This repository contains the implementation of the Geneformer model, with and without huggingface magic. Should be useful if you're looking to understand the model or modify it deeply.
It still has the transformers
library as a dependency, but it's not used for the model itself but for:
- the learning rate scheduler with warmup
- the bucket calculation in T5 positional bias (which is not the default)
- for compatability with huggingface transformer models (so that you can directly use original models)
And yes, I didn't make a decision on the name yet.
Why is the package named masters
? Because this was originally developed as a basis for my master's project.
Please don't bother.
git clone https://github.com/Stfort52/geneformer-plain.git
cd geneformer-plain
pip install -e .
It's highly recommended to use a virtual environment. To also install the dev dependencies, run pip install -e .[dev]
instead.
Clone the Genecorpus-30M repository to get the data.
You'll likely need git-lfs to clone the repository.

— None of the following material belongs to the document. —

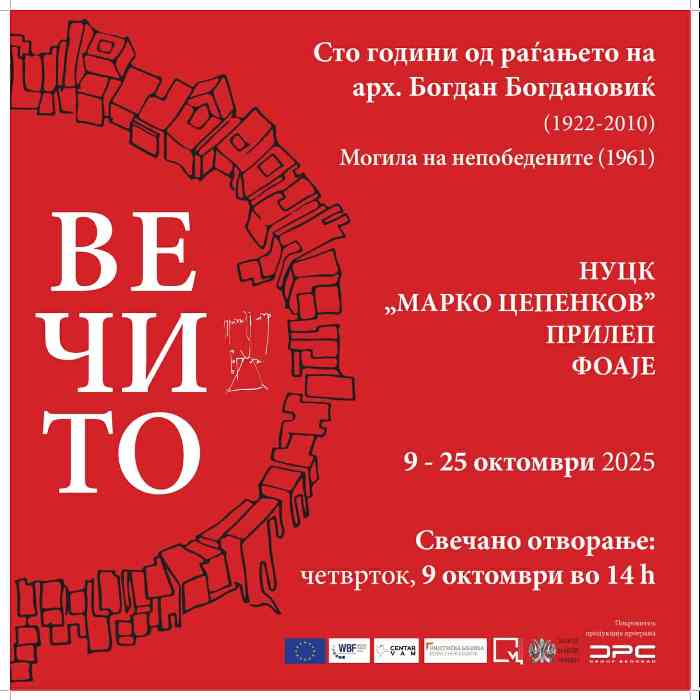 Шеснаесето гостување на изложбата „ВЕЧИТО – Богдан Богдановиќ“ во НУЦК „Марко Цепенков“ во Прилеп (Македонија), во соработка со НУ Завод и Музеј Прилеп. Изложбата ќе биде отворена на 9.10.2025 / четврток/ во 14.00 часот во фоајето од ЦК „Марко Цепенков“.

Then, set up a symlink to the required files in the data
directory like below:
You should be able to easily locate the required files in the GeneCorpus-30M repository.
data
├── word_embeddings/
├── datasets/
│ ├── genecorpus_30M_2048.dataset -> /path/to/30M/dataset
│ ├── iCM_diff_dropseq.dataset -> /path/to/dropseq/dataset
│ └── panglao_SRA553822-SRS2119548.dataset -> /path/to/panglao/dataset
├── is_bivalent.csv
└── token_dictionary.pkl -> /path/to/token/dictionary
The full GeneCorpus-30M dataset is quite large. You can subset it by running the notebook at notebooks/subset_genecorpus.ipynb
.
python -m masters.train.pretrain
Alternatively, Visual Studio Code users can launch the task Launch Pretraining
under the command Tasks: Run Task
.
This will create a new version of the model and save it to the checkpoints
directory.
To launch pretraining with DDP, run the following command:
bash -c masters/train/ddp.sh <master_port> <hosts> pretrain
Alternatively, Visual Studio Code users can launch the task Distributed Pretraining
under the command Tasks: Run Task
.
python -m masters.train.finetune
Alternatively, Visual Studio Code users can launch the task Launch Fine-tuning
under the command Tasks: Run Task
.
To launch finetuning with DDP, run the following command:
bash -c masters/train/ddp.sh <master_port> <hosts> finetune
Alternatively, Visual Studio Code users can launch the task Distributed Fine-tuning
under the command Tasks: Run Task
.
The BertConfig
is a dataclass that can be used to configure the model. The default configuration respects the configuration used in the original 6 layer model from the 2023 Geneformer paper.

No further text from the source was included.